TASK PROMPT
From the first line to the last, copy the data exactly and drop the pictures.

SUPPLIED DATA
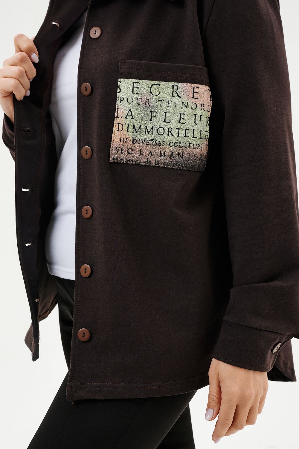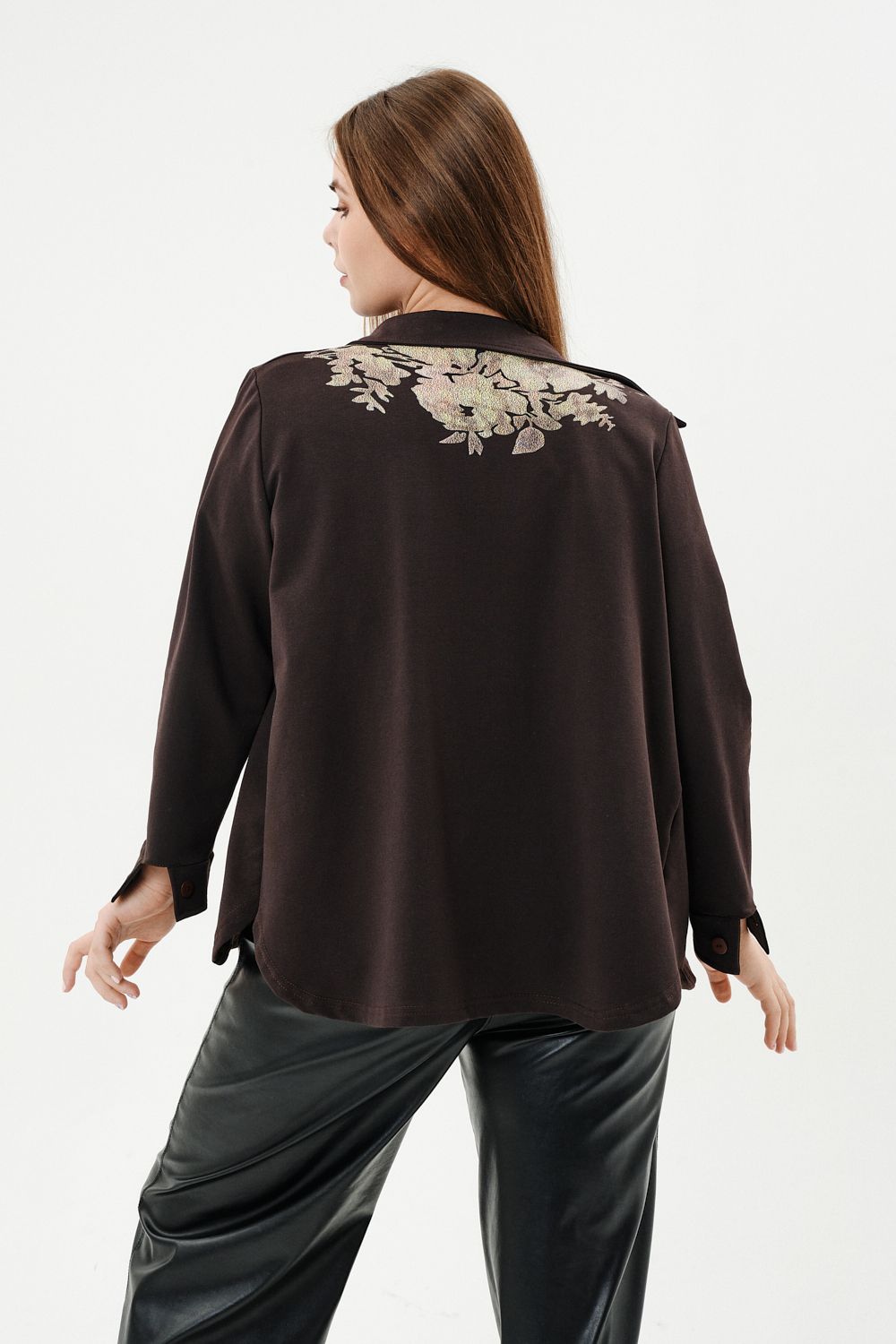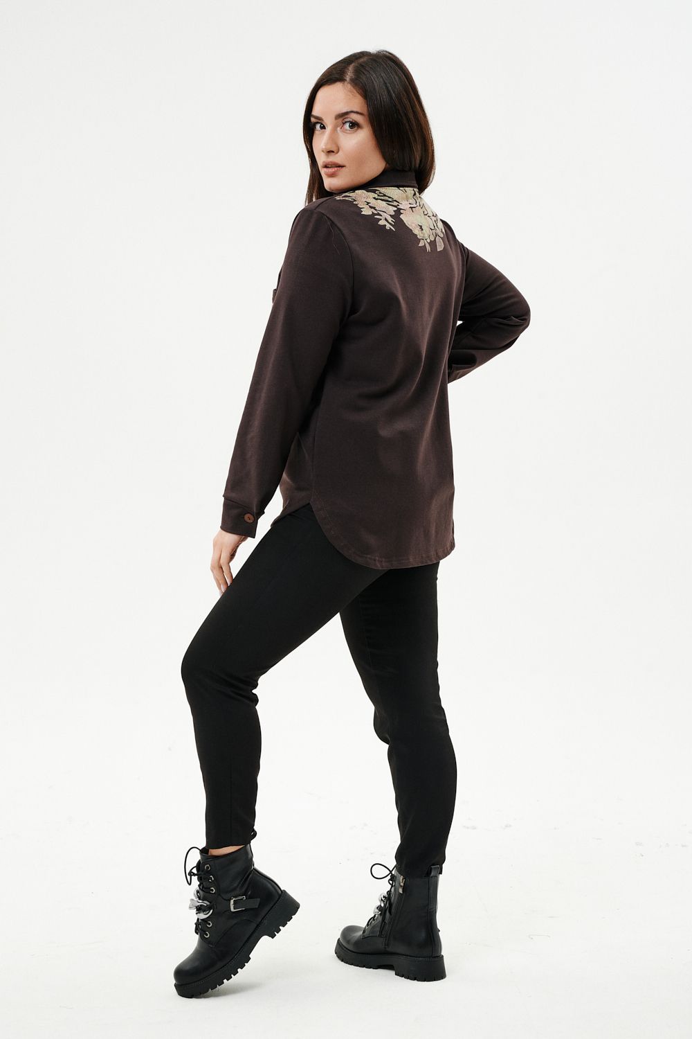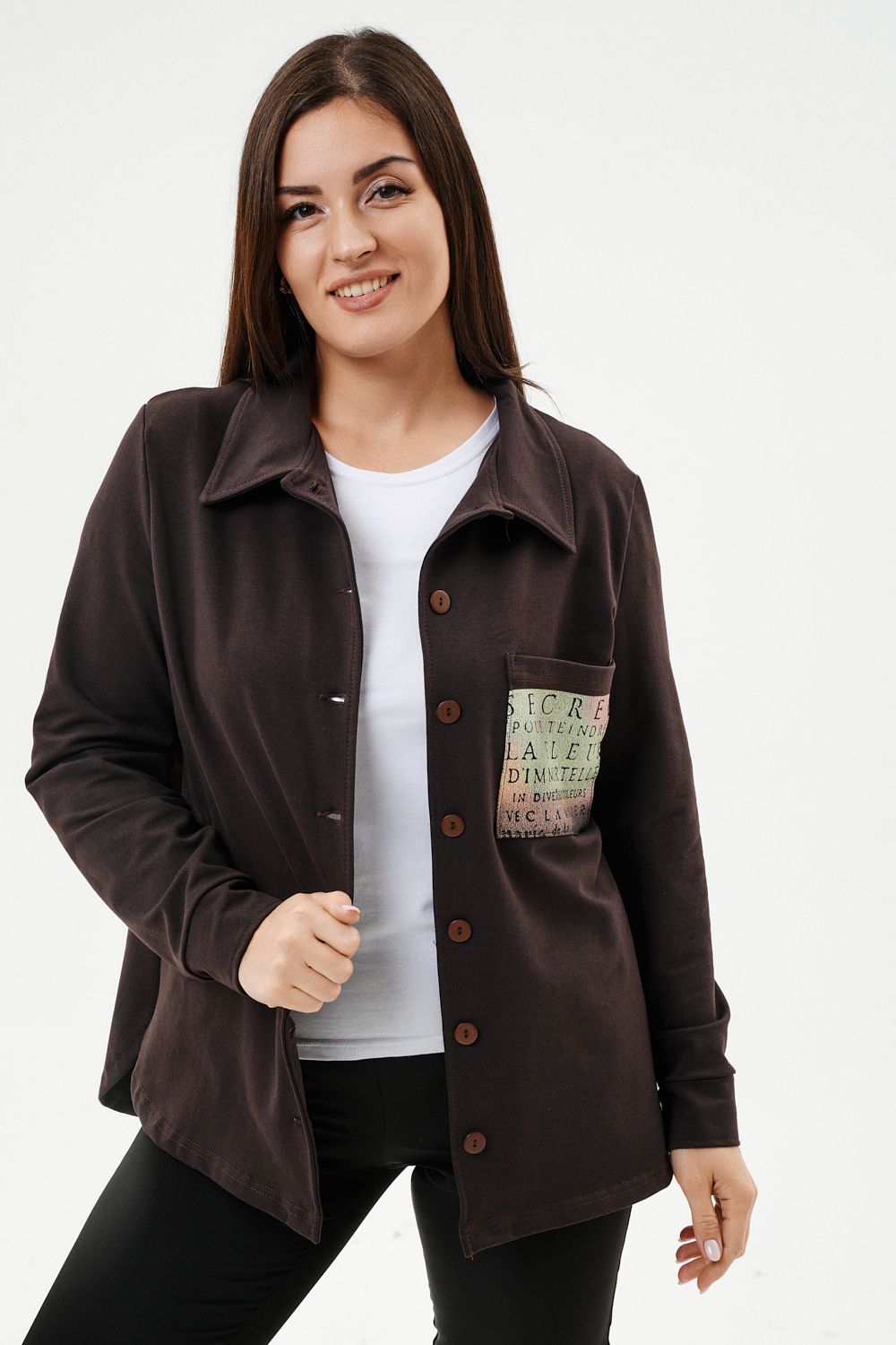 Туника женская прямого силуэта. Воротник отложной. Застежка на петли-пуговицы. Низ фигурный. Рукав втачной с манжетою. На левой части полочки нагрудный карман. Стилизованный принт в верхней части спинки, под воротником и на нагрудном кармане.
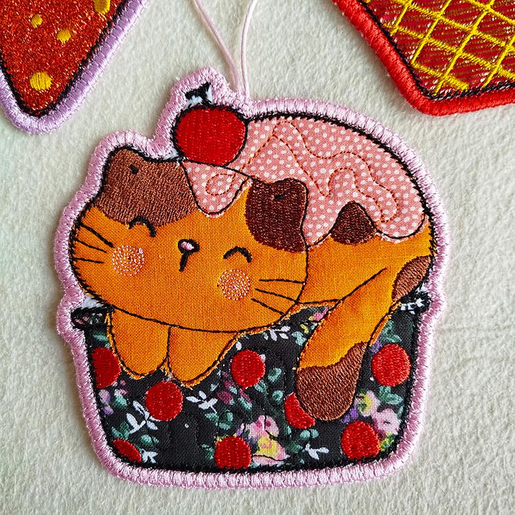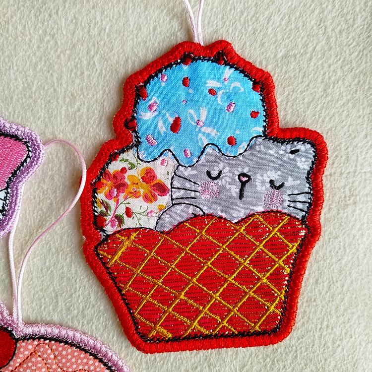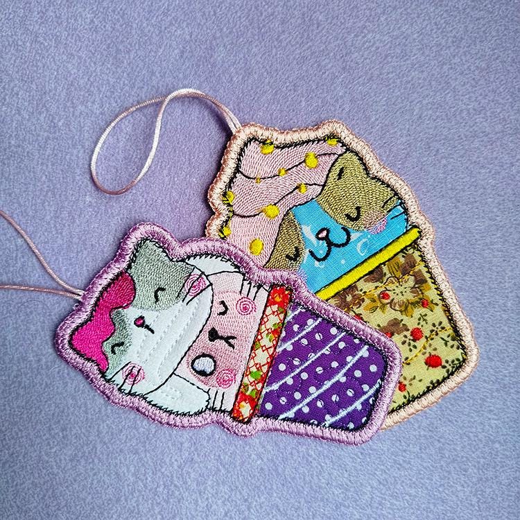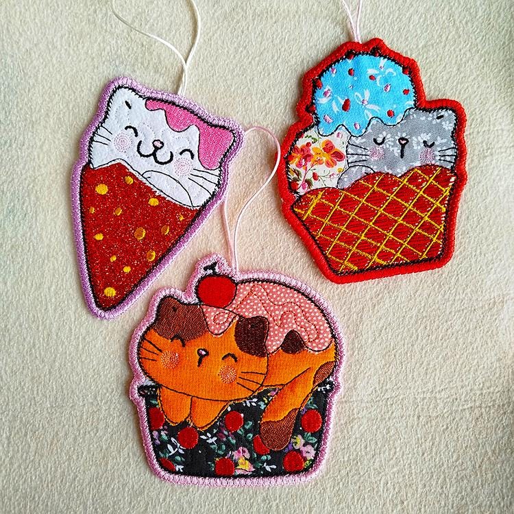 Very cute kitties ornaments done completely in the hoop.
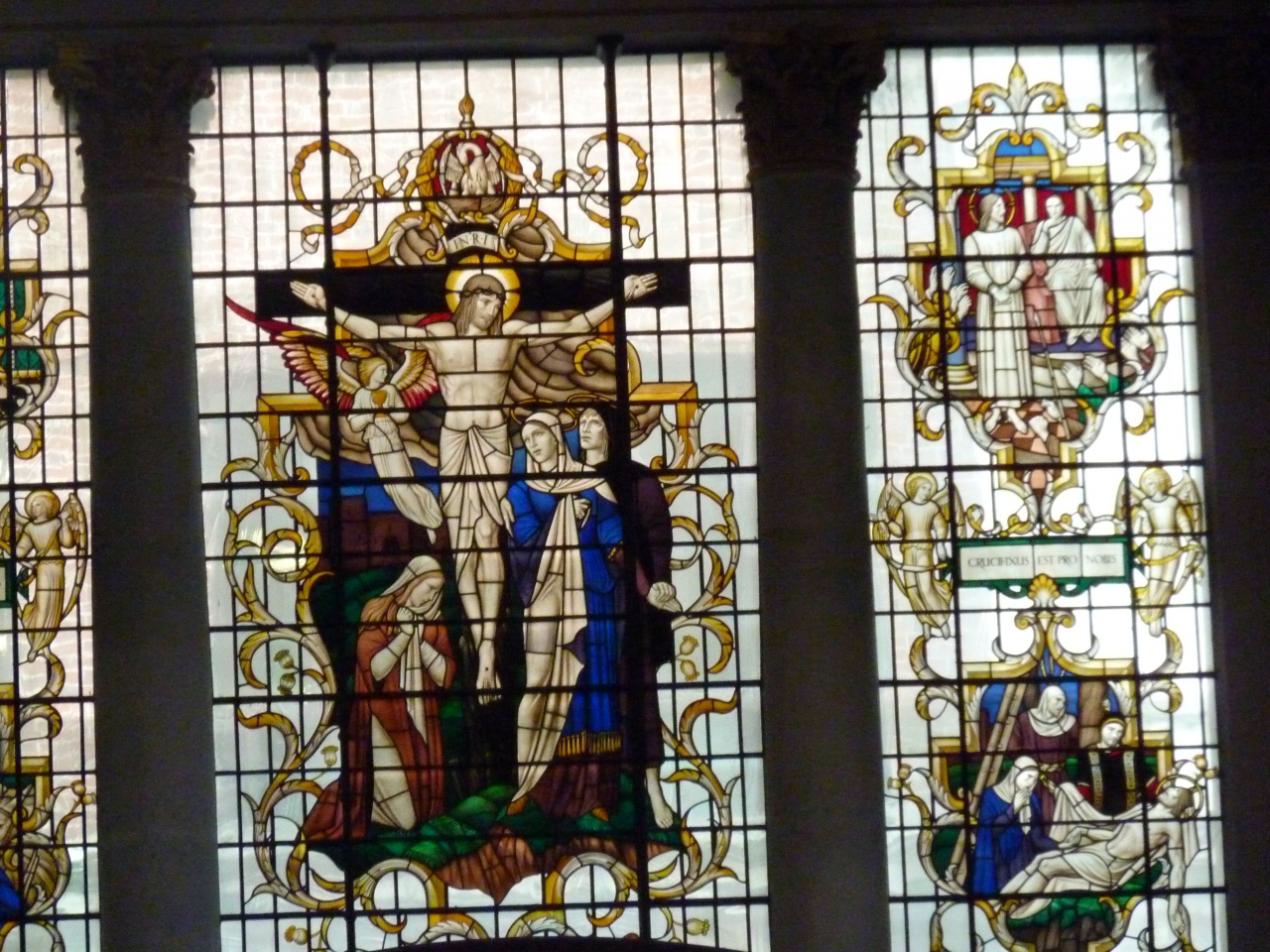 中に入ると正面祭壇後ろには見事なステンドグラスが配置され、質素ですが立派な造りの教会でした。中は静かでゆっくり見学できました。並んでいるベンチには何人か横になって休んでいる人もおり、夜でも解放されているようです。入場は無料ですが、募金箱が入口近くにあったので小銭を入れてきました。

RESULT OF THE TASK
 Туника женская прямого силуэта. Воротник отложной. Застежка на петли-пуговицы. Низ фигурный. Рукав втачной с манжетою. На левой части полочки нагрудный карман. Стилизованный принт в верхней части спинки, под воротником и на нагрудном кармане.
 Very cute kitties ornaments done completely in the hoop.
 中に入ると正面祭壇後ろには見事なステンドグラスが配置され、質素ですが立派な造りの教会でした。中は静かでゆっくり見学できました。並んでいるベンチには何人か横になって休んでいる人もおり、夜でも解放されているようです。入場は無料ですが、募金箱が入口近くにあったので小銭を入れてきました。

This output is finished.